Même son de cloche au Mouvement africain pour la démocratie et la nouvelle indépendance (Manidem) de Anicet Ekanè, qui « compte d’ailleurs déposer une requête dans ce sens demain (mercredi) à la Cour suprême ». Enfin, Albert Dzongang du parti La Dynamique – un des vingt-trois candidats en lice pour la magistrature suprême, estime qu’« il n’y a pas eu d’élection » et promet également de « déposer demain (mercredi) une requête dans laquelle nous exigeons l’annulation » du scrutin.

Madeleine Afité témoigne de fraudes

Les suspicions de fraude ont été renforcées hier par les déclarations de l’égérie de la société civile camerounaise, Madeleine Afité qui a affirmé avoir assisté à des bourrages d’urnes ayant pour but de minimiser le taux d’abstention. « J’ai vu un monsieur portant une carte (badge) Elecam (Election Cameroon, commission électorale) (…) il donnait des lots (de cartes d’électeurs) aux enfants (qui) allaient émarger sans carte d’identité » dans un bureau de vote du quartier Bessangue à Douala.

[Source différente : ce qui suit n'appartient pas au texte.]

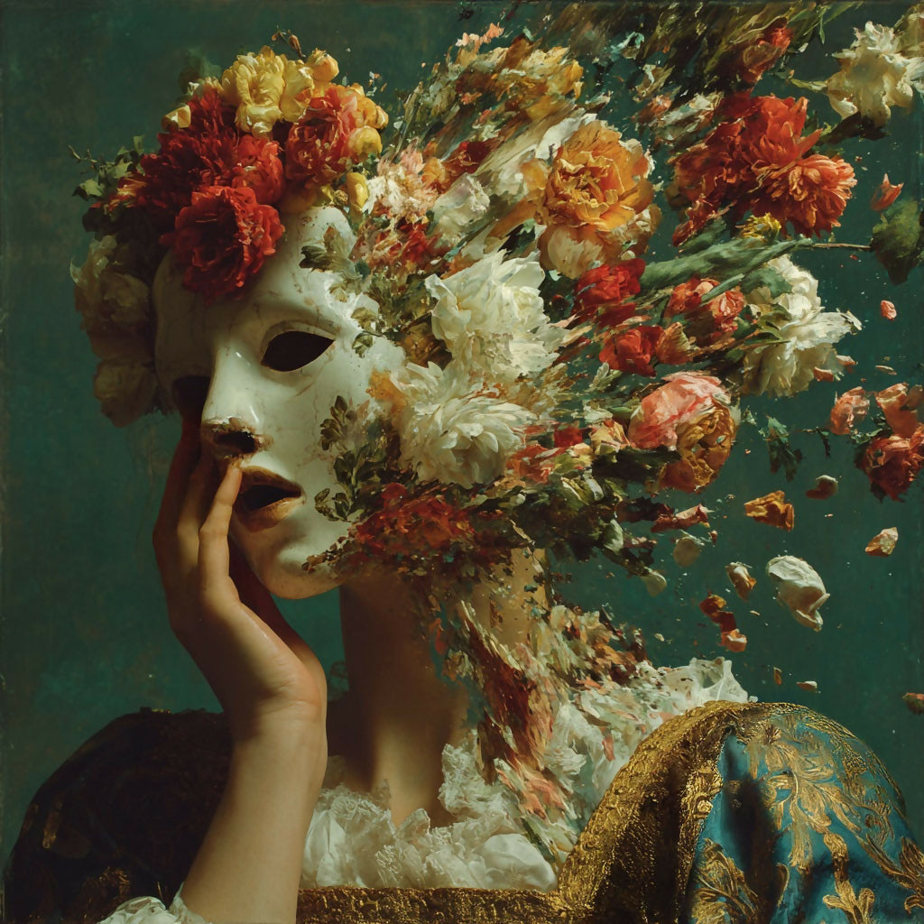 This is a surreal rococo portrait of a woman holding a porcelain mask that is that is exploding into flowers. It is a moody fine-art fantasy dealing with the themes of identity and transformation. It is finely detailed with a painterly texture and a teal backdrop.
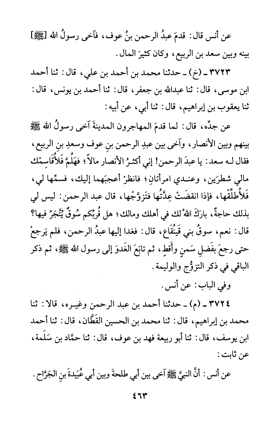 عن جده، قال: لما قدم المهاجرون المدينة آخى رسول الله صلى الله عليه وسلم بينهم وبين الأنصار، وآخى بين عبد الرحمن بن عوف وسعد بن الربيع، فقال له سعد: يا عبد الرحمن! إني أكثر الأنصار مالا؛ فهلم فلأقاسمك مالي شطرين، وعندي امرأتان؛ فانظر أعجبهما إليك، فسمها لي، فلأطلقها، فإذا انقضت عدتها فتزوجها، قال عبد الرحمن: ليس لي بذلك حاجة، بارك الله لك في أهلك ومالك؛ هل قربكم سوق يتجر فيها؟ قال: نعم، سوق بني قينقاع، قال: فغدا إليها عبد الرحمن، فلم يرجع حتى رجع بفضل سمن وأقط، ثم تابع الغدو إلى رسول الله صلى الله عليه وسلم، ثم ذكر الباقي في ذكر التزوج والوليمة.
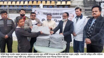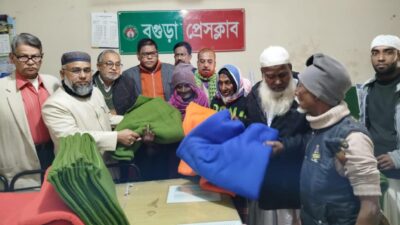 বগুড়া প্রতিনিধি : অসহায় মানুষের মাঝে বগুড়া প্রেসক্লাবে আজ শুক্রবার সকালে কম্বল বিতরণ করা হয়েছে। কম্বল বিতরণ করেন জাতীয় সাংবাদিক সংস্থার কেন্দ্রীয় কমিটির সভাপতি আলহাজ্ব মমিনুর রশিদ সাইন। এ সময়
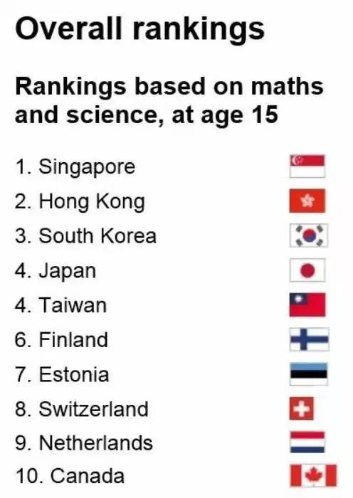 欧美国家当中,英国排在第20名,美国则与意大利排在并列第28位。该排名主要依据76个国家的15岁学生在阅读、算术和科普技能等方面的测试成绩统计而成;发表该排名报告的经济合作与发展组织(OECD)表示,这一排名统计主要显示教育与经济增长之间的联系。
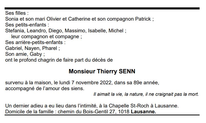 Monsieur Thierry SENN 23 avr. 1934 - 07 nov. 2022 Avis mortuaire PFG Télecharger PDF Partager sur: Galerie PreviousNext PreviousNext
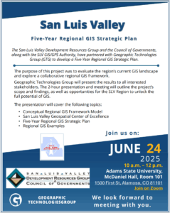 See below a link to the recording of the final presentation by Geographic Technologies Group (GTG) on the SLV Five-Year Regional GIS Strategic Plan. This comes after the completion of Stage II: GIS Needs Assessment & Feasibility Study, delivered in March 2025.

« Ce n’était pas pour voter RDPC (Rassemblement démocratique du peuple camerounais, au pouvoir) », reprend-elle, mais parce que « les urnes étaient vides. C’était le problème du taux de participation. Il fallait qu’il y ait des bulletins dans les urnes ». De fait, les observateurs et les journalistes présents ont noté une faible affluence, et une campagne électorale ayant suscité très peu de mobilisation des Camerounais. « Les électeurs boudent la présidentielle » soulignait même le quotidien privé Mutations.

Le scutin "acceptable" pour la France

De son côté Elecam s’est félicité du bon déroulement du scrutin et n’a noté « aucun dysfonctionnement majeur », a déclaré son président Samuel Fonkam Azu’u. Dans son sillage, la France a jugé le déroulement du scrutin « acceptable » par la voix de son ministre des Affaires étrangères, Alain Juppé. Quant à l’équipe d’observateurs du Commonwealth à Yaoundé, elle a estimé avec plus de précaution et de neutralité que le scrutin avait été exempt de « coercition » et souligné qu’il y avait un « bon nombre de plaintes » sur l’organisation du scrutin.

En clair, tout indique que le président Paul Biya (78 ans), au pouvoir depuis 1982, sera réélu pour son sixième mandat, cette fois de 7 ans. « Paul Biya en pole position », titrait mardi L’Action, le journal du RDPC, sans apporter aucune preuve : « Quelques heures après la fermeture des bureaux, les premiers échos du terrain ne laissent aucun doute sur la victoire du candidat », affirmait-il.

Pour la plupart des Camerounais, l’issue des résultats ne fait aucun doute. « On est pas trop concernés par le vote. De toute façon, on sait bien que le président va gagner il n’y a rien qui change, donc nous on est tranquilles », dit Clarisse, 29 ans, commerçante au centre de Douala. « Ici rien ne change, il n’est pas question que les gens aillent dans la rue (…) On sait que le président sera réélu et voilà, il y a la paix »,  soulignait Justin Temola, chômeur de Douala.